** GIVEN DATA follows **

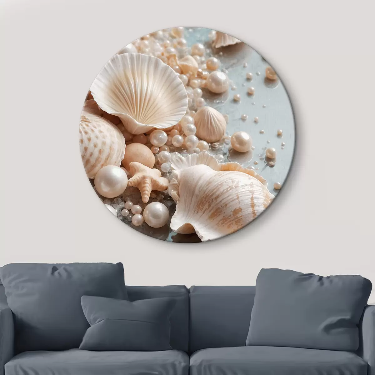 Tableaux rondes Assortiment de coquillages et de perles sur fond bleu clair Nr r38769
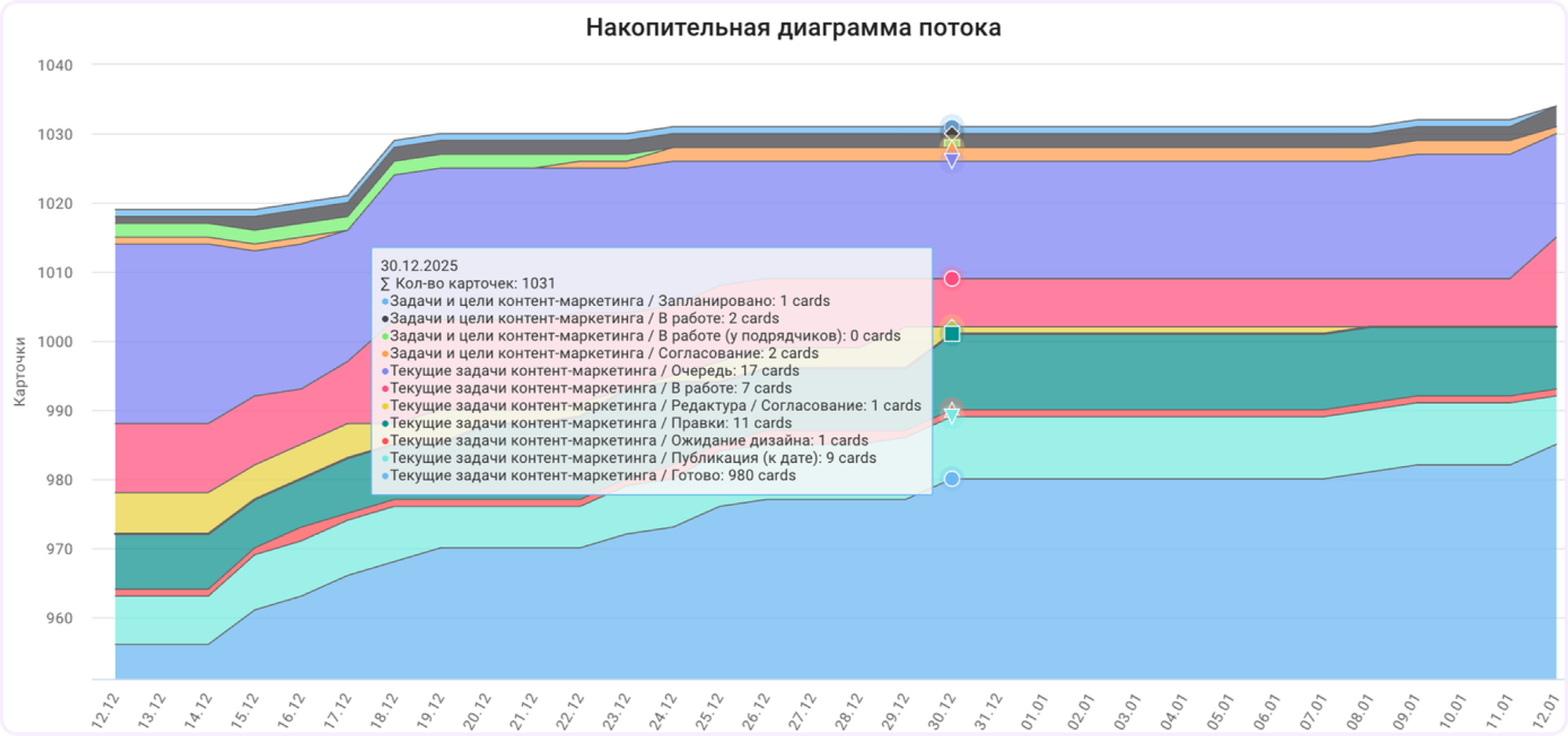 Чтобы понимать, какие именно проблемы могут быть у процессов, в Кайтен предусмотрены специальные отчеты. Они помогают не просто видеть, что происходит, а понимать почему — где процесс буксует, какие этапы занимают больше всего времени и сколько работы команда реально может взять.
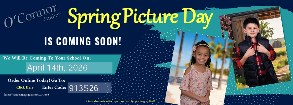 Hello parents/guardians,We have our Spring Picture Day coming up on Tuesday April 14th. Click the link below if you wish to purchase your students pictures. Forms will be sent home today Thursday A...
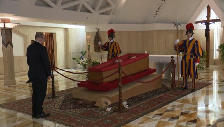 Funcionarios del Vaticano y autoridades de Italia rindieron homenaje este martes al Papa Francisco. Los restos del pontífice permanecieron toda la jornada en la capilla de Santa Marta, la residencia donde eligió vivir durante su papado.

** End of GIVEN DATA **

> _TASK TO CARRY OUT_
Restate each line from the start of the listing through the line bearing "Hello parents/guardians,We have" word for word. Drop the pictures.

> _RESULT BELOW_
 Tableaux rondes Assortiment de coquillages et de perles sur fond bleu clair Nr r38769
 Чтобы понимать, какие именно проблемы могут быть у процессов, в Кайтен предусмотрены специальные отчеты. Они помогают не просто видеть, что происходит, а понимать почему — где процесс буксует, какие этапы занимают больше всего времени и сколько работы команда реально может взять.
 Hello parents/guardians,We have our Spring Picture Day coming up on Tuesday April 14th. Click the link below if you wish to purchase your students pictures. Forms will be sent home today Thursday A...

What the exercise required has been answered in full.